Segment Start: Provided records

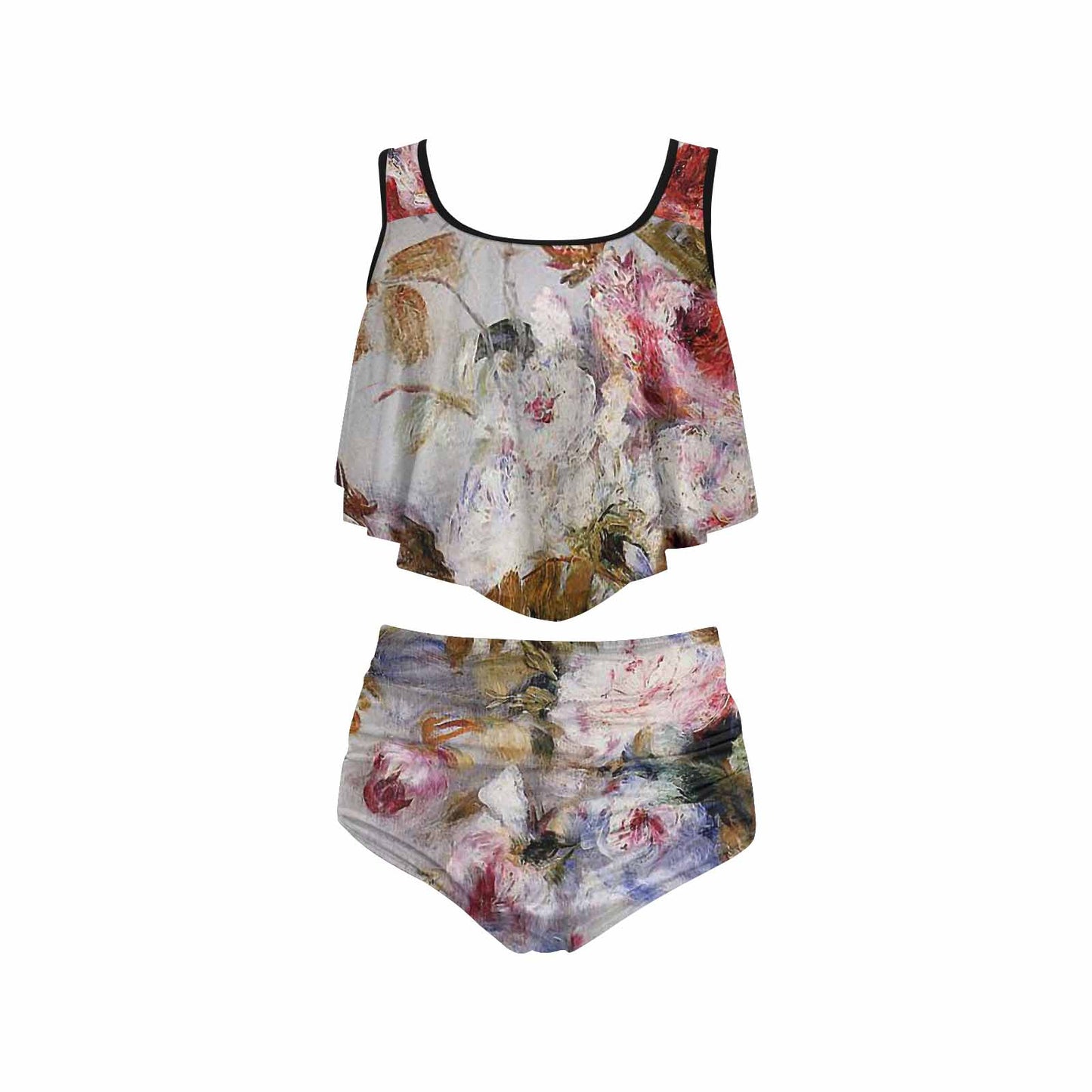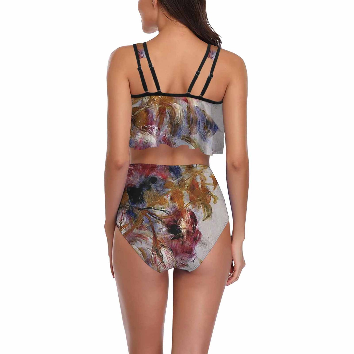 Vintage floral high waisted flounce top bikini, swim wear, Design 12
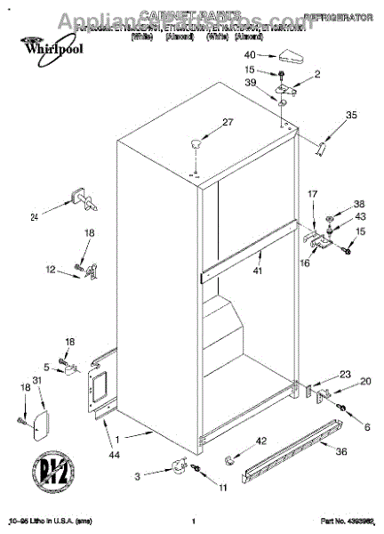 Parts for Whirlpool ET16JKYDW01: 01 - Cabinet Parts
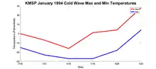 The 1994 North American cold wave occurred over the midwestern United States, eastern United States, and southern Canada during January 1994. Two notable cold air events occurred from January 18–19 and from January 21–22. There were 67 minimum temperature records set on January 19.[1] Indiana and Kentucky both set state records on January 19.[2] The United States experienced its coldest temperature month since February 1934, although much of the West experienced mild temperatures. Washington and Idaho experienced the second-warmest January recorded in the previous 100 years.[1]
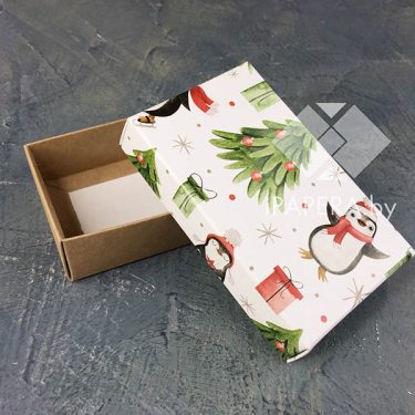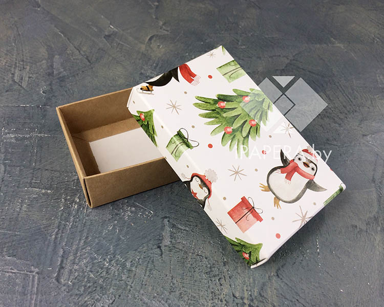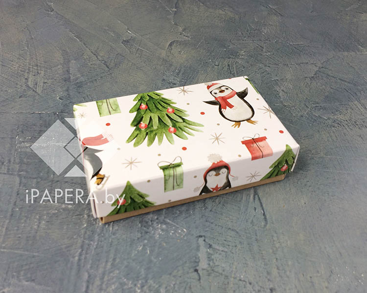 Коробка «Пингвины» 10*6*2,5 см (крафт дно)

Segment End: Provided records
Segment Start: Provided records

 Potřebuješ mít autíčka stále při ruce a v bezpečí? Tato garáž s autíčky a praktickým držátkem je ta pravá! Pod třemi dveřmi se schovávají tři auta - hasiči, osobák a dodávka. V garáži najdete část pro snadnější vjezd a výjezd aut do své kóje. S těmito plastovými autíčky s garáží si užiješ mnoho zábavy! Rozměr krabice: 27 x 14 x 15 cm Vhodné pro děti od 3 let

Segment End: Provided records
Segment Start: Provided records

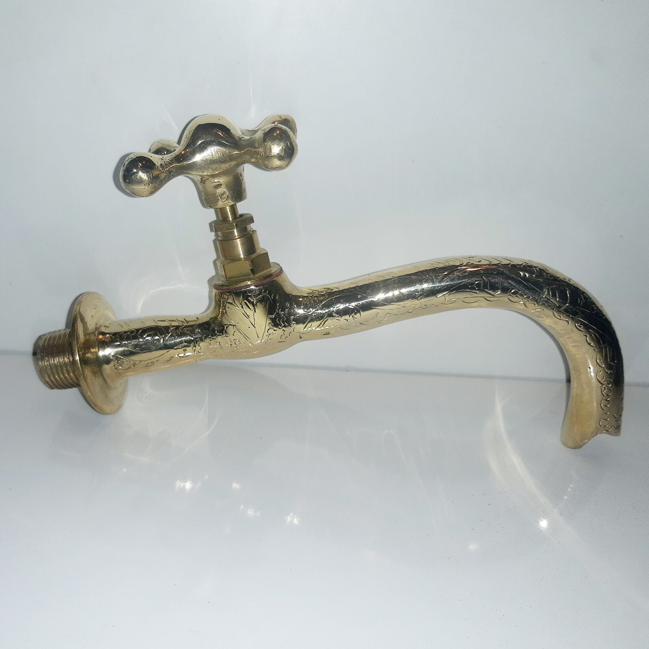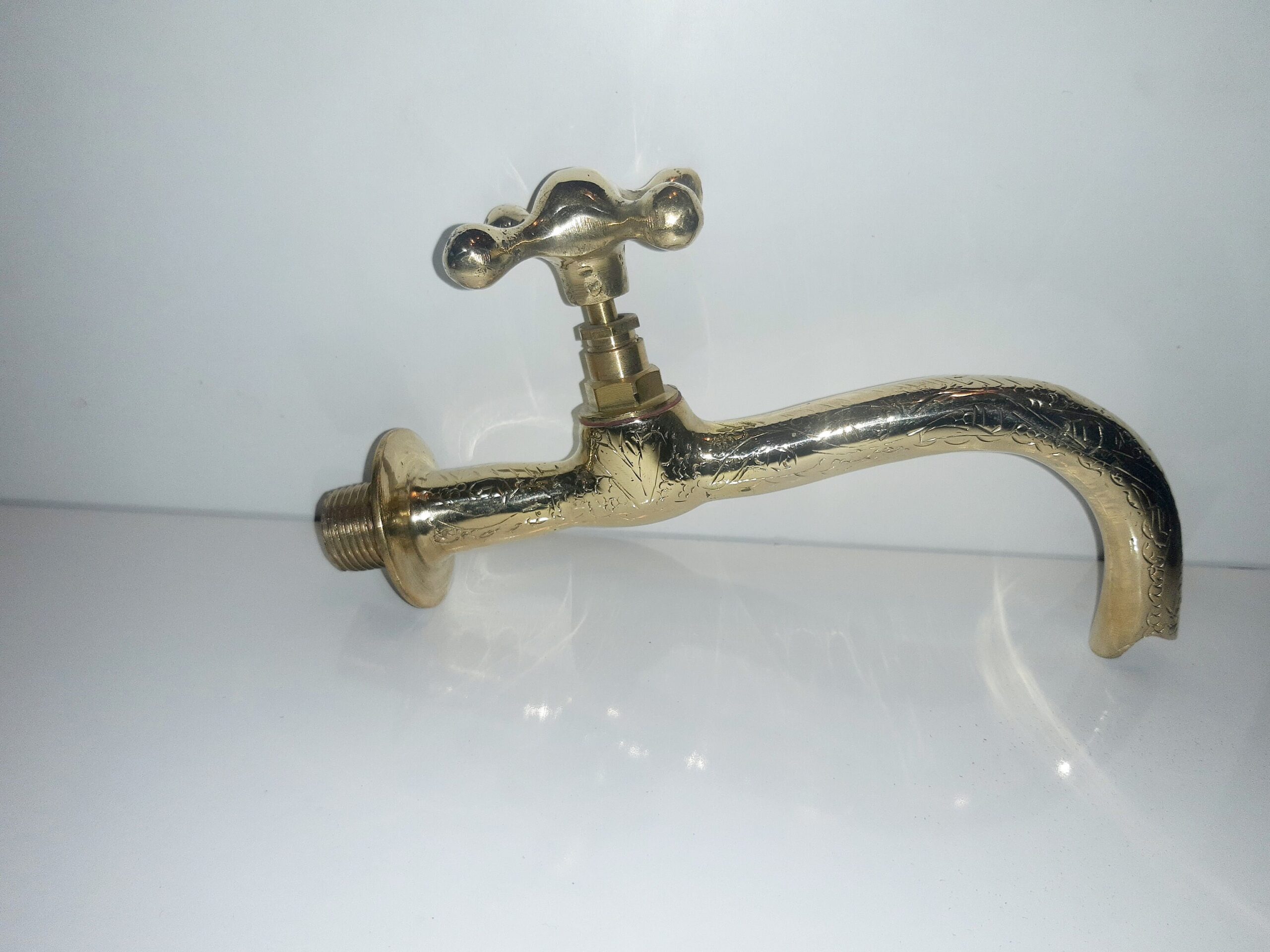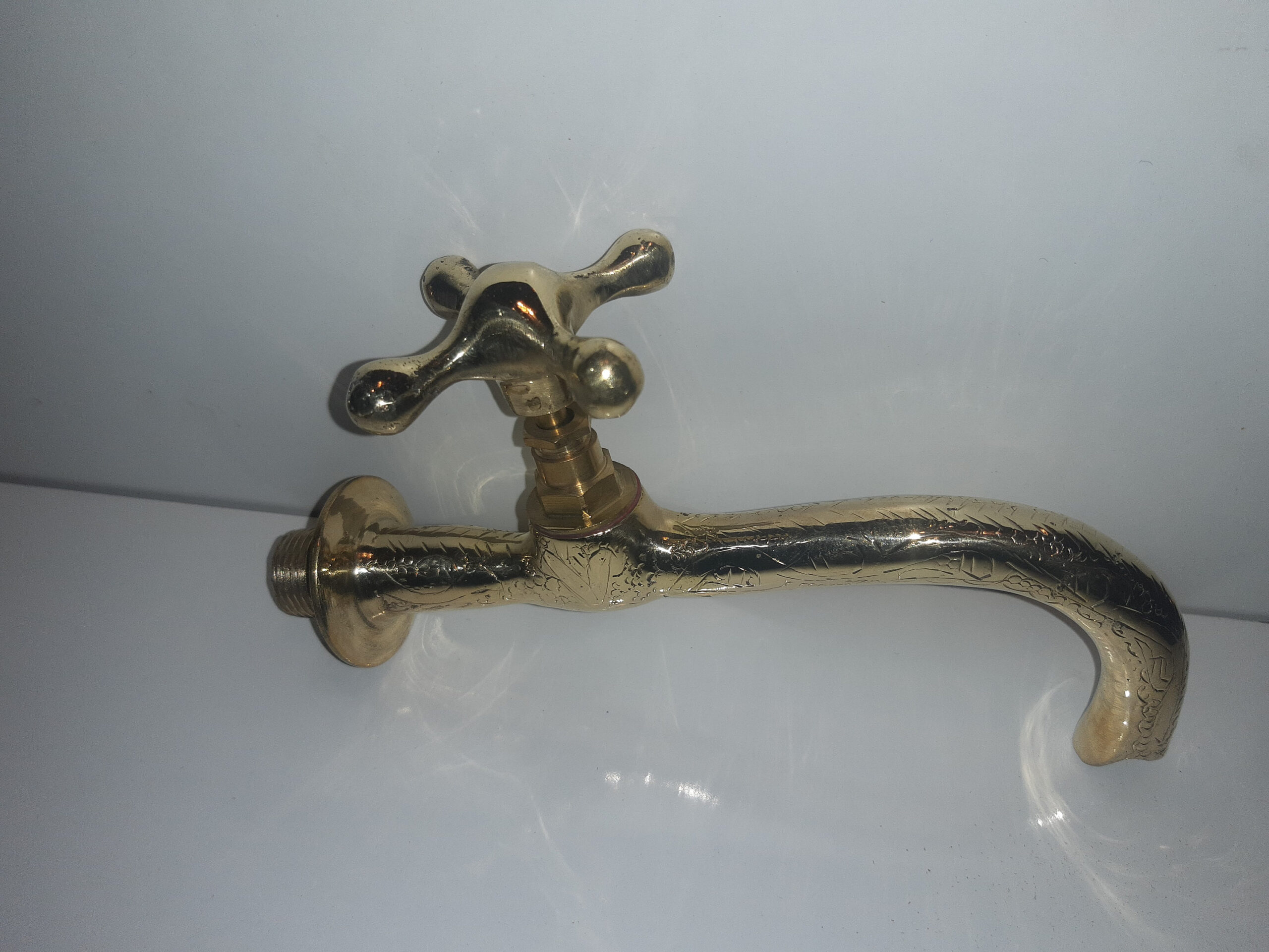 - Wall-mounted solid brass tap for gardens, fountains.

Segment End: Provided records

Copy only this from above: the line containing "Vintage floral high", the line containing "см (крафт дно)", and all lines between, printed exactly. Leave out the pictures.

Response to this exercise:
 Vintage floral high waisted flounce top bikini, swim wear, Design 12
 Parts for Whirlpool ET16JKYDW01: 01 - Cabinet Parts
 The 1994 North American cold wave occurred over the midwestern United States, eastern United States, and southern Canada during January 1994. Two notable cold air events occurred from January 18–19 and from January 21–22. There were 67 minimum temperature records set on January 19.[1] Indiana and Kentucky both set state records on January 19.[2] The United States experienced its coldest temperature month since February 1934, although much of the West experienced mild temperatures. Washington and Idaho experienced the second-warmest January recorded in the previous 100 years.[1]
 Коробка «Пингвины» 10*6*2,5 см (крафт дно)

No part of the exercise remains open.